Provided data Block Start
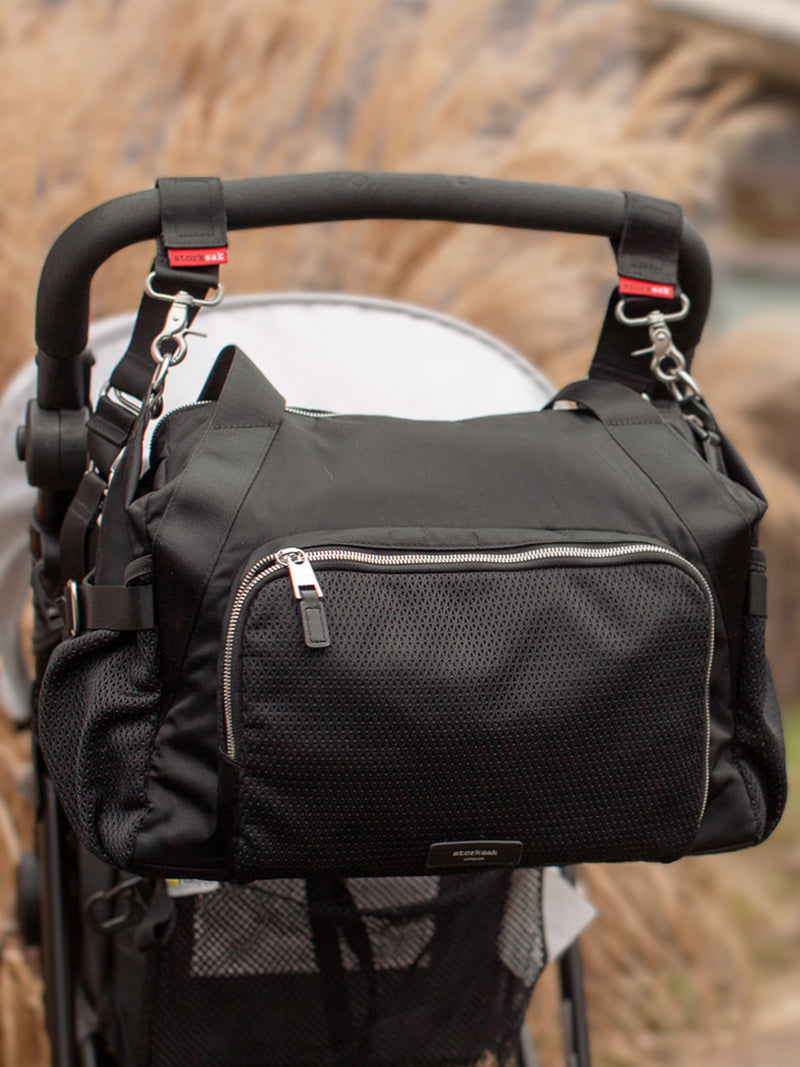 Our changing bags and accessories either include or are compatible with stroller clips or straps. You can usually find them as separate clips inside your changing bag, built-in to your long detachable strap or on the backpack straps. This handy feature is perfect for attaching your Storksak easily to your stroller.
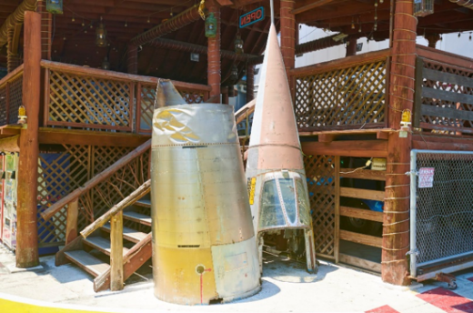 園内や駐車場などいたるところに、戦闘機の部品やアメ車など貴重なものが飾られています。これらもオーナーのコレクション! 「お客さまにいつも新鮮さを感じていただけるよう、定期的に配置を変えたり、壁も塗り直したりと模様替えしています」とのこと。
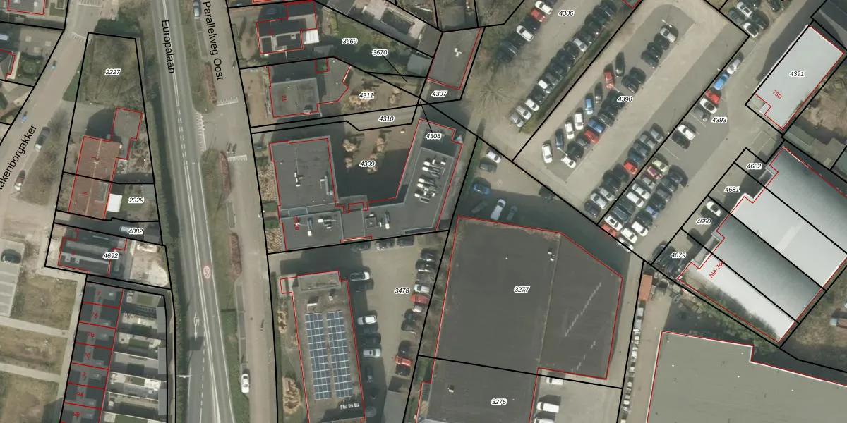 Parallelweg Oost 27-A is gelegen op kadastraal perceel VKW00F4309. Deze kadastrale aanduiding is uniek en wordt gebruikt door het Kadaster om eigendomsrechten en andere zakelijke rechten vast te leggen. Het perceel maakt onderdeel uit van de kadastrale gemeente Valkenswaard.
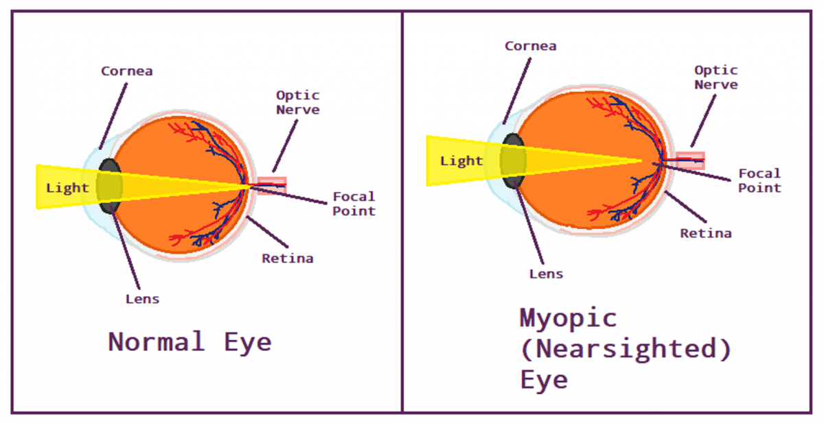 Myopia, also called “nearsightedness” or “shortsightedness” causes distant objects to appear blurry. In a normal eye, light first reaches the cornea, the clear structure in the front of the eye. The cornea helps bend light directly to one focal point: the retina. Because a nearsighted eyeball is longer than a normal eyeball, light is focused before of the retina instead of being focused onto the retina. This leads to blurred distant vision. The higher the myopia prescription is, the more blurred distant objects appear. Myopia is very common in children.
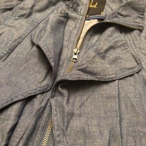 Denim colored jacket, not actual denim fabric. The fabric is lightweight cotton, but denim color and structure.
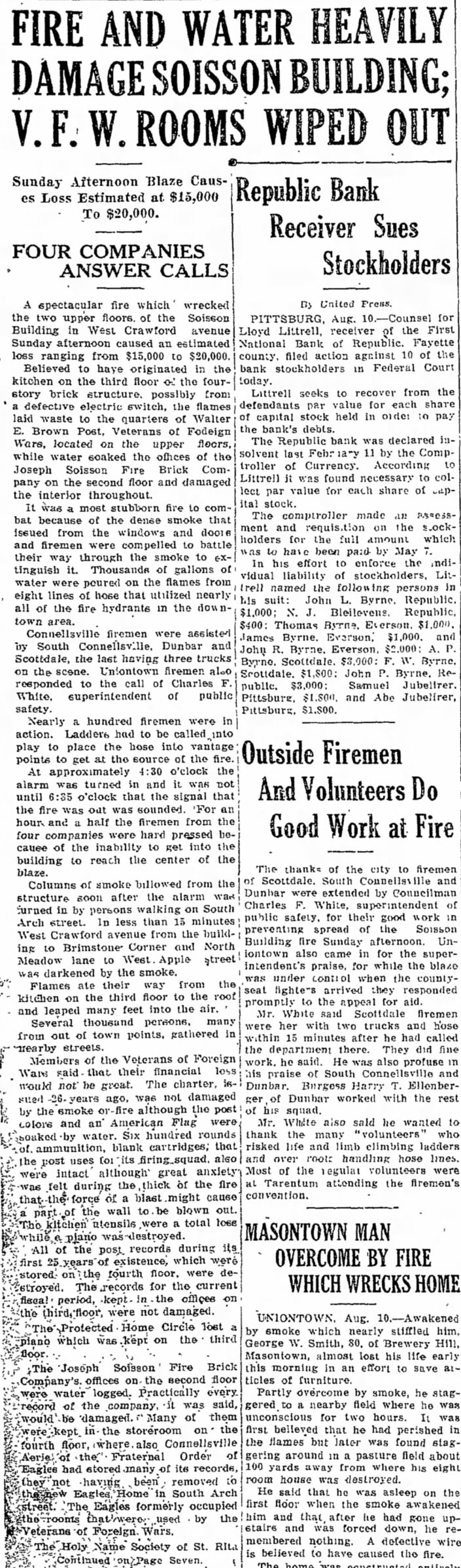HEAVILY FIRE AND WATER BUILDING; ROOMS WIPED OUT Sunday Afternoon Blaze Causes Loss Estimated at $15,000 $20,000. FOUR COMPANIES ANSWER CALLS spectacular fire which wrecked United upper floors. the Soisson Aug. for Building in West Crawford avenue Lloyd Littrell, receiver of the First Sunday afternoon caused an estimated National Bank of Republic. Fayette ranging from $15,000 to $20,000. county. filed action against 10 of the Believed have originated in the bank stockholders in Federal Court kitchen the third floor the four- today. story brick structure. possibly from Littrell seeks to recover from the defective electric switch, the flames defendants par value for each share laid waste to the quarters of Walter capital stock held in order pay the bank's debts. Brown Post, of Fodeign The Republic bank was declared inWare, located on the upper floors. solvent last by the Compwhile water soaked the offices of the troller of Currency. According Joseph Soisson Fire Brick ComLittrell was found necessary colpany the second floor and damaged par value for each share of the throughout. ital stock. was most fire to comThe comptroller made bat the dense smoke that ment and on the issued from the windows and doore holders for the full amount which and were compelled battle been paid by May their way through the smoke to In his effort enforce the tinguish it. Thousands of gallons of vidual liability stockholders, water were poured on the flames from named the persons eight lines of hose that utilized nearly suit: John Byrne. Republic. all of the fire hydrants in the downtown $400: Thomas Byrne. Everson. Connellsville firemen were assisted James Byrne. $1,000. and by South Connellsville. Dunbar and John Scottdale, the last having three trucks on the scene. Uniontown firemen Scottdale. $1,800: John Byrne. responded the call of Charles public. $3,000: Samuel Jubelirer. superintendent of public and Abe safety. Nearly hundred firemen were in action. Ladders to be called play to place the hose into vantage Outside Firemen points get the of the fire. At o'clock the turned and was not And Volunteers Do until 6:35 o'clock that the signal that the fire out was sounded. For hour half the firemen from the Good Work at Fire four companies were hard pressed cause the inability get into the building to reach the center of the The thanks of the city to firemen blaze. Scottdale. South and Columns of smoke billowed from the Dunbar by structure soon after the alarm Charles White, by walking South persons public for their good work Arch street. In less than 15 minutes of West Crawford avenue from the buildBuilding fire Sunday Unto Brimstone Corner and North lontown also came for the superMeadow lane West Apple street intendent's praise, for while the blaze darkened by the smoke. under control when the countyFlames ate their way from the fighters they responded kitchen the third floor to roof the appeal for leaped many feet into the air. Mr. White Scottdale firemen Several thousand persons, many her with two trucks and hose from out of town points, gathered in within minutes he had the there. They did fine Members of the Veterans of Foreign also Ware said that their financial loss his praise South would not be great. The charter, Dunbar. Ellenberwas not damaged Dunbar worked with the rest sued ago, smoke although the post his by the and American Flag were Mr. White also sald he wanted to by water. Six hundred rounds thank the many who ammunition, blank cartridges; that risked life and limb climbing ladders its and over hose lines. post uses although anxiety Most of the negular were great of the Tarentum attending the firemen's during blast might cause convention. the wall blown out. utensils were total MASONTOWN MAN All the post records during its OVERCOME BY FIRE which were fourth floor, were WRECKS estroyed. records for the current period, kept. offices were not damaged. Aug. Protected Home Circle lost by smoke which nearly stiffled on the third which George Smith, 80, of Brewery Hill, Masontown, almost lost his life early Joseph Fire Brick this morning in an effort to save Company's offices on second floor ticles of furniture. water logged. Practically every Partly overcome by smoke, he stagof the said, gered to nearby field where he was damaged. Many of them for two hours. was the storeroom the first believed that he had perished fourth floor where Connellsville the flames but later was found stagFraternal Order of gering around pasture field about had of its records, 100 yards his eight room house destroyed. having been South Arch He said that he asleep on the first floor when the smoke Eagles formerly occupied by the him and that after he had gone upstairs forced down, Wars. membered nothing. defective Society of St. is believed to have caused the fire. Seven.
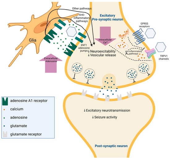 The mechanism of action of CBD in epilepsy involves its interaction with multiple molecular targets (Figure 5), including GPR55, TRPV1, and the adenosine system [105]. CBD has been shown to antagonize GPR55 receptor activation [106]. GPR55’s involvement in modulating neuronal excitability is underscored by its increased expression in the epileptic hippocampus [107]. Functional antagonism of GPR55 by CBD reduces neuronal excitability, contributing to its anticonvulsive effects. TRPV1 channels are expressed widely in the central nervous system and play a role in promoting neuronal depolarization [108]. CBD activates and rapidly desensitizes TRPV1 receptors, leading to a decrease in synaptic activity and neuronal firing rate [109,110]. Increased TRPV1 expression in epilepsy suggests its involvement in regulating cortical excitability [111,112,113]. The anticonvulsive action of CBD involves TRPV1, as demonstrated by CBD’s blunted response in TRPV1 knock-out mice [114]. Adenosine is an endogenous modulator of neuronal excitability and plays a crucial role in terminating seizures [115]. CBD enhances adenosine-mediated signaling by increasing extracellular adenosine levels through inhibition of adenosine reuptake. Adenosine exerts its anticonvulsant effects primarily through activation of A1 receptors, leading to presynaptic calcium influx inhibition and postsynaptic hyperpolarization [116]. Adenosine further fine-tunes neuromodulation by engaging in heterodimerization with other G-protein-coupled receptors [117]. This interaction extends adenosine’s influence across various neurotransmitter and neurotrophin systems. CBD’s modulation of adenosine transport contributes to its anticonvulsive properties, enhancing adenosine’s inhibitory effects on excitatory transmission. While the precise mechanism of action of CBD in humans is not fully understood, preclinical evidence strongly implicates GPR55 antagonism, TRPV1 desensitization, and adenosine modulation in CBD’s anticonvulsive effects. These mechanisms collectively reduce neuronal excitability and modulate neurotransmitter release, leading to the suppression of seizure activity Further research is needed to elucidate additional targets and pathways involved in CBD’s therapeutic action against epilepsy.
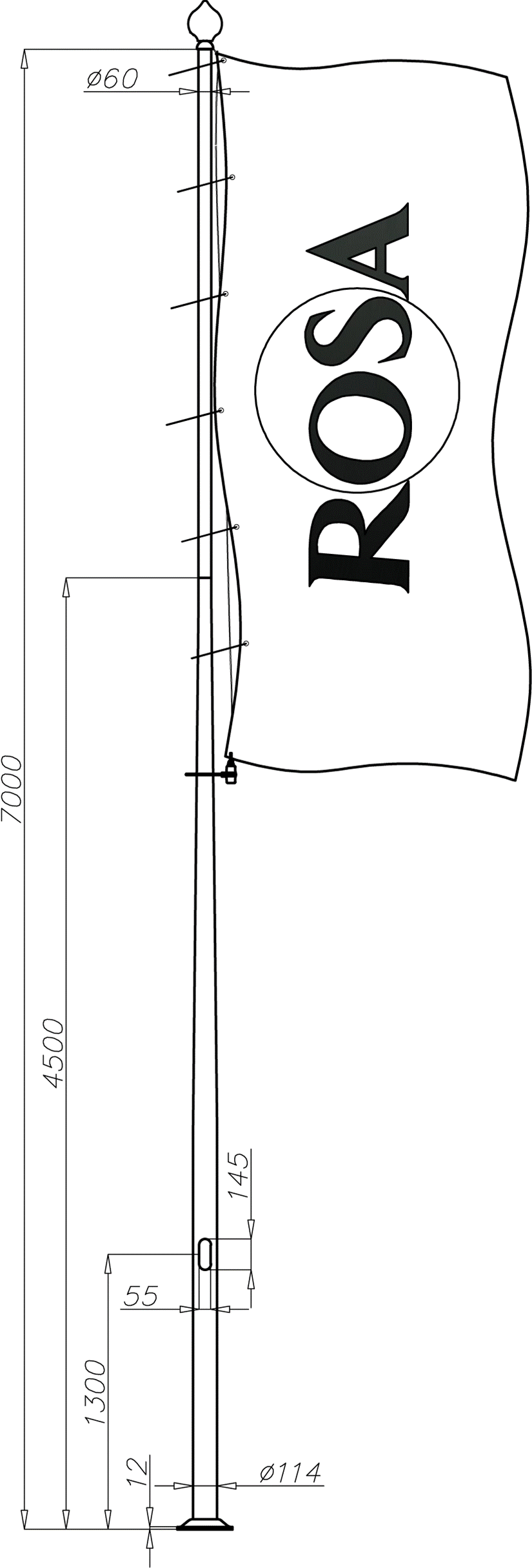 Description : Mat aluminium hauteur 7,0m
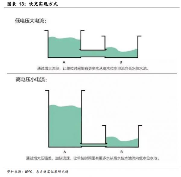 协议看起来很多,但无非就是电压和电流上做学问。通俗来说,充电的过程就像是从大水库向小水库注水,电压相当于水压,电流就相当于水流,水库来代表电池。提高电压就是通过增大水位差来增加水流速度,增加电流就是拓宽水库间的水管宽度。
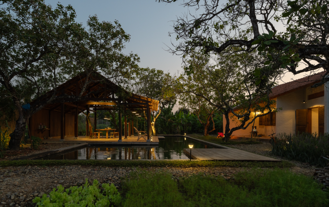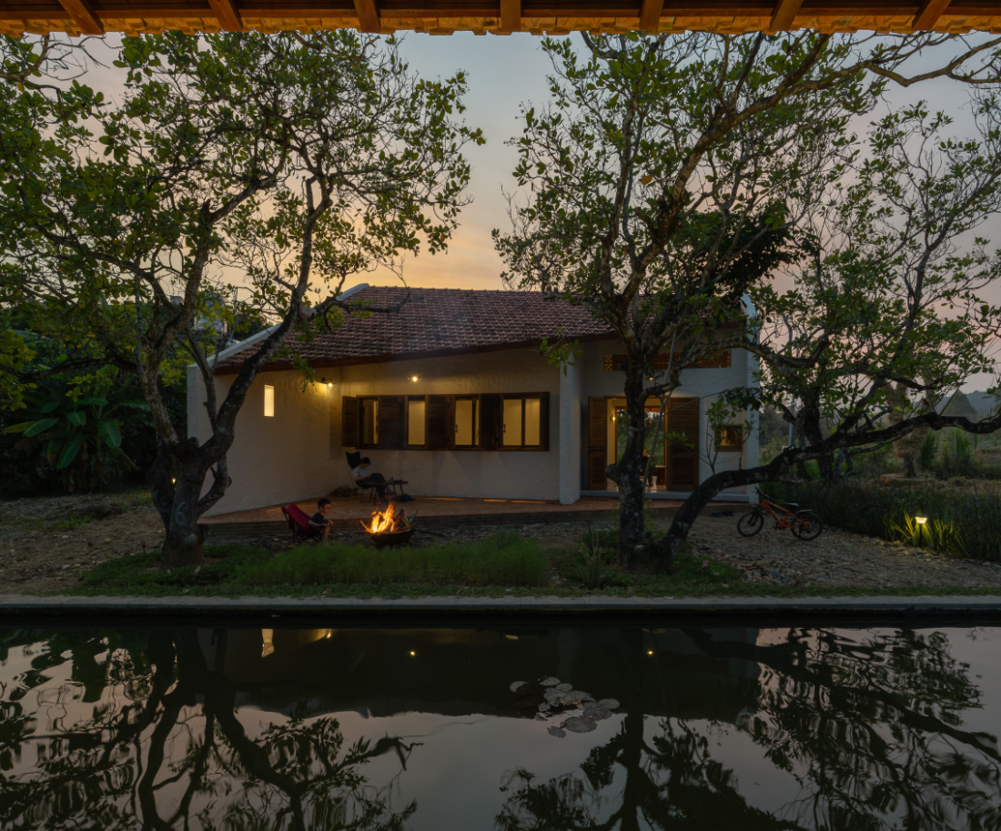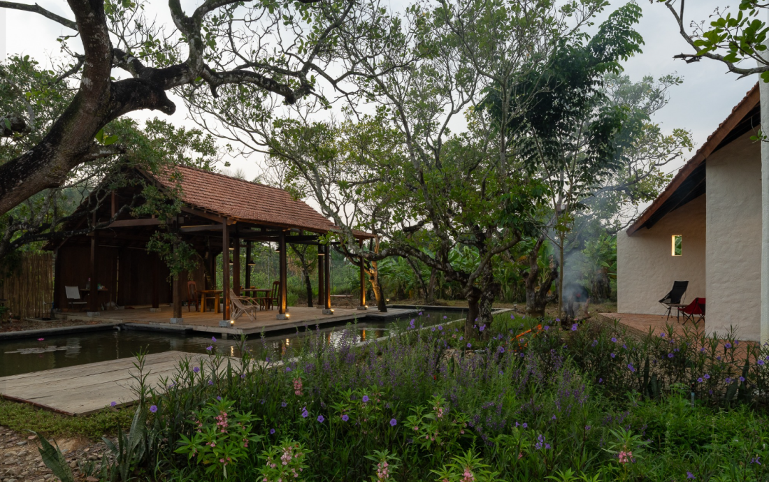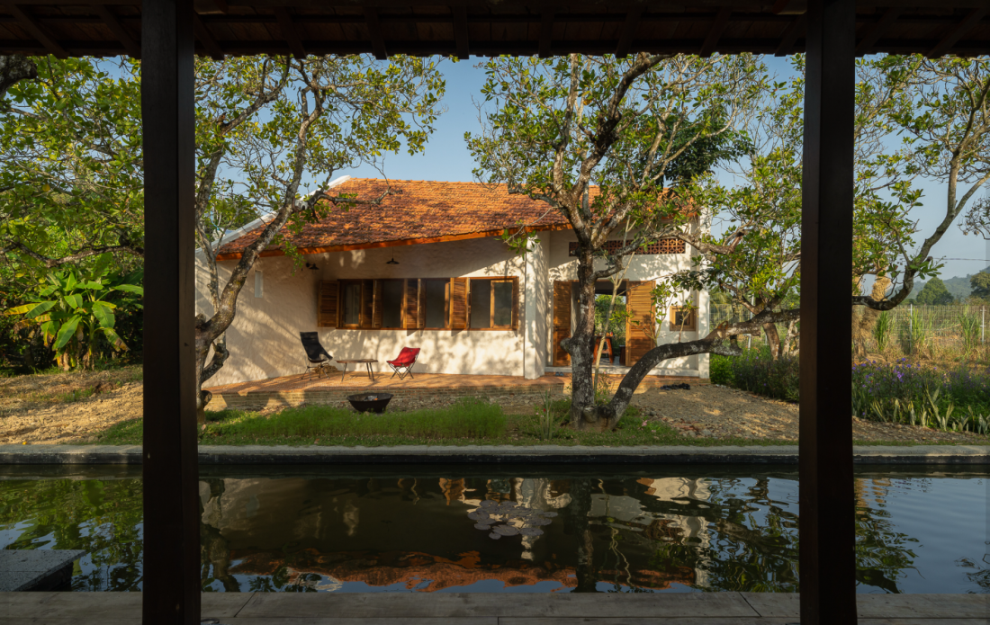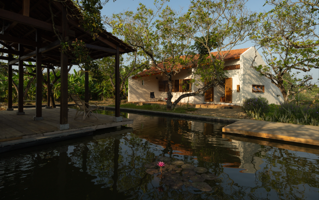 Giữa nhà, một cái ao nhỏ không chỉ làm mát không gian mà còn phản chiếu cây xanh, nối liền các khu vực sinh hoạt. Trong tương lai, một khối homestay quanh ao sẽ hoàn thiện bức tranh này.
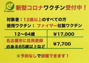 【①インフルエンザ・②新型コロナ(使用するワクチン: ファイザー・武田薬品製)予防接種公費助成のお知らせ】名古屋市内に住民登録がある65歳以上の方等は公費助成が受けられます。〈実施期間〉:①令和7年10月15日〜令和8年1月31日まで ②令和7年10月15日〜令和8年2月28日まで〈自己負担金(窓口での金額)〉:①1,500円 ②7,700円
Provided data Block End
Print the data above from its first line through the line that has "Denim colored jacket, not", exactly and with nothing else, omitting pictures.

Task result →
 Our changing bags and accessories either include or are compatible with stroller clips or straps. You can usually find them as separate clips inside your changing bag, built-in to your long detachable strap or on the backpack straps. This handy feature is perfect for attaching your Storksak easily to your stroller.
 園内や駐車場などいたるところに、戦闘機の部品やアメ車など貴重なものが飾られています。これらもオーナーのコレクション! 「お客さまにいつも新鮮さを感じていただけるよう、定期的に配置を変えたり、壁も塗り直したりと模様替えしています」とのこと。
 Parallelweg Oost 27-A is gelegen op kadastraal perceel VKW00F4309. Deze kadastrale aanduiding is uniek en wordt gebruikt door het Kadaster om eigendomsrechten en andere zakelijke rechten vast te leggen. Het perceel maakt onderdeel uit van de kadastrale gemeente Valkenswaard.
 Myopia, also called “nearsightedness” or “shortsightedness” causes distant objects to appear blurry. In a normal eye, light first reaches the cornea, the clear structure in the front of the eye. The cornea helps bend light directly to one focal point: the retina. Because a nearsighted eyeball is longer than a normal eyeball, light is focused before of the retina instead of being focused onto the retina. This leads to blurred distant vision. The higher the myopia prescription is, the more blurred distant objects appear. Myopia is very common in children.
 Denim colored jacket, not actual denim fabric. The fabric is lightweight cotton, but denim color and structure.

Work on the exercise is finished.